● Task directions
Please write the listing below out again exactly, leaving every picture behind.

● Source data

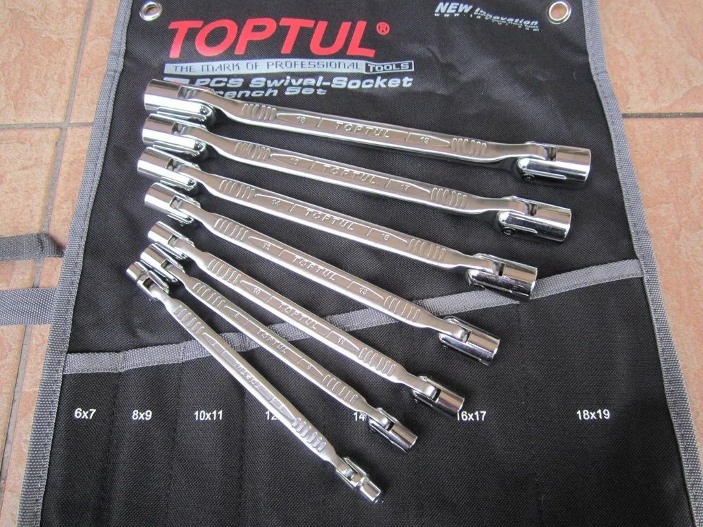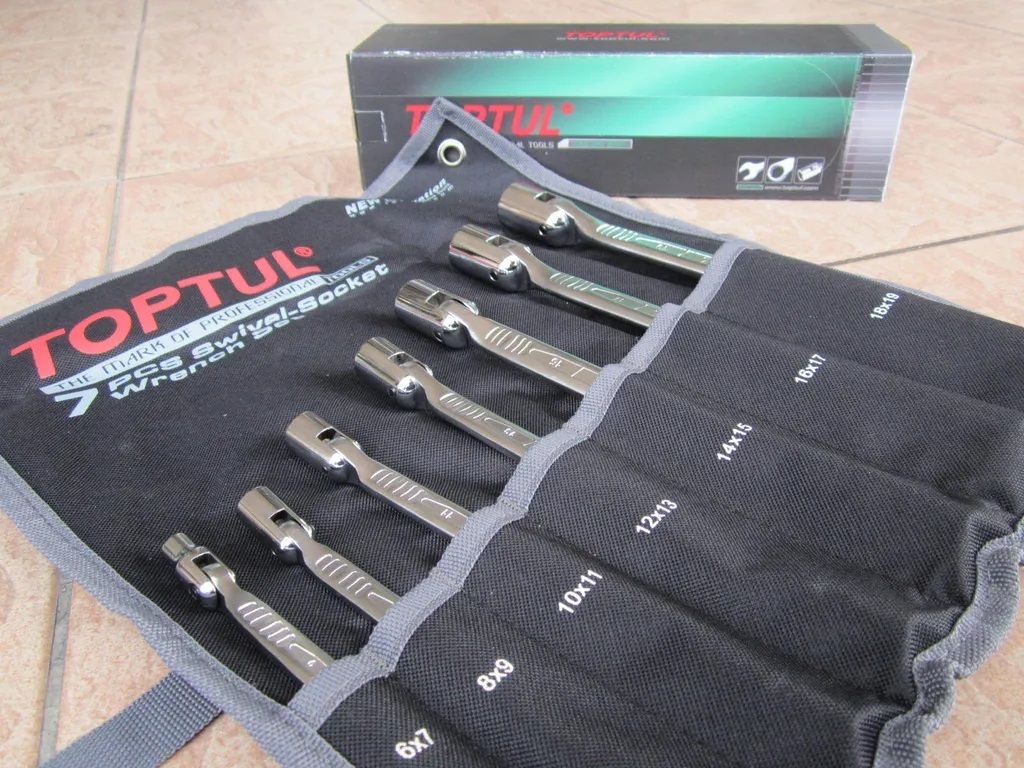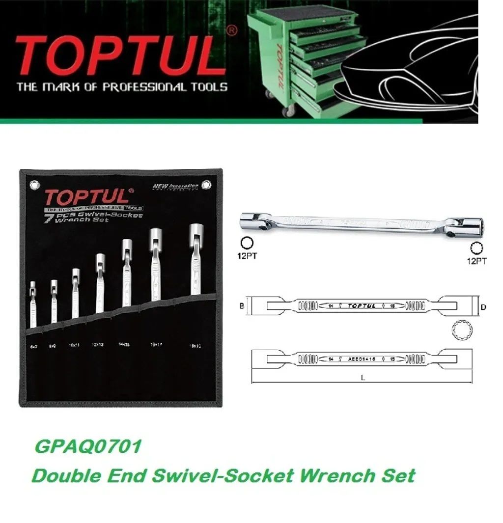 Toptul GPAQ0701 (6-19mm) Double Swivel Socket Wrench 7pcs- Pouch Bag..
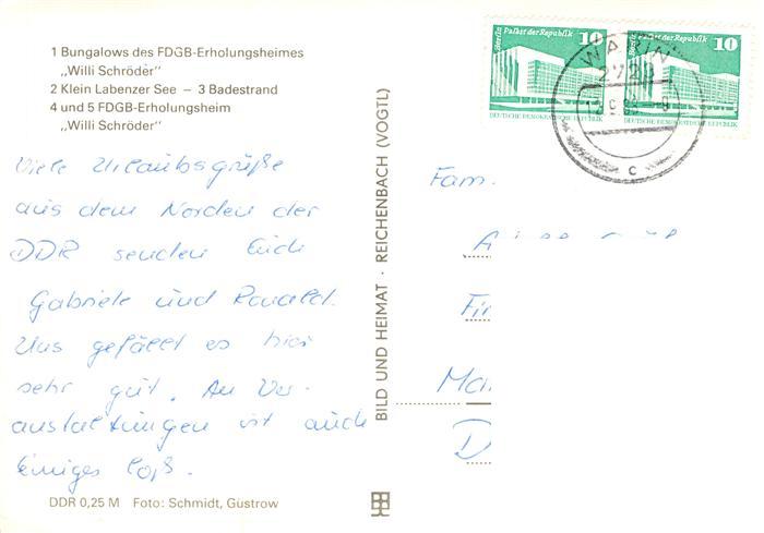 73901575 alte Postkarte Labenz Bungalows des FDGB Erholungsheimes Wille Schroeder Klein Labenzer See Badestrand und FDGB Erholungsheim Willi Schroeder postalisch gelaufen Erhaltung siehe scans [WerneD78] KatCode: 11110001053079
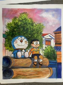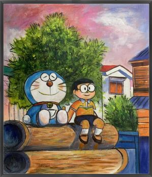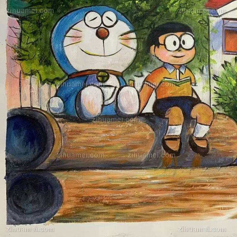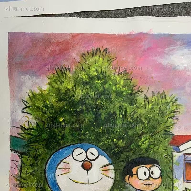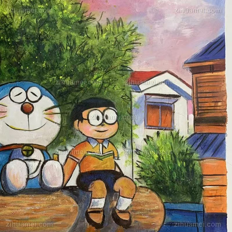 • 多拉A梦机器猫卡通油画纯手绘儿童油画
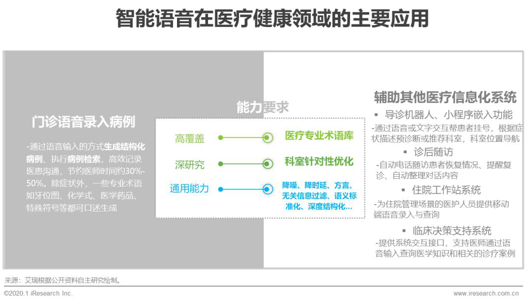 医疗领域对于智能语音的需求主要来自电子病历系统上的语音功能,通过语音输入的方式生成结构化病例、执行病例检索,节约医师输入病历的时间,解决方案一般包括ASR/NLU技术和专用医疗麦克风。此外,出国在外最怕的就是生病。如果语言不通,就很难向医生说明自己的实际情况。疫情期间,为防止病毒传播,智能语音技术在医疗领域的应用是可圈可点的。

● Solution for this problem
 Toptul GPAQ0701 (6-19mm) Double Swivel Socket Wrench 7pcs- Pouch Bag..
 73901575 alte Postkarte Labenz Bungalows des FDGB Erholungsheimes Wille Schroeder Klein Labenzer See Badestrand und FDGB Erholungsheim Willi Schroeder postalisch gelaufen Erhaltung siehe scans [WerneD78] KatCode: 11110001053079
 • 多拉A梦机器猫卡通油画纯手绘儿童油画
 医疗领域对于智能语音的需求主要来自电子病历系统上的语音功能,通过语音输入的方式生成结构化病例、执行病例检索,节约医师输入病历的时间,解决方案一般包括ASR/NLU技术和专用医疗麦克风。此外,出国在外最怕的就是生病。如果语言不通,就很难向医生说明自己的实际情况。疫情期间,为防止病毒传播,智能语音技术在医疗领域的应用是可圈可点的。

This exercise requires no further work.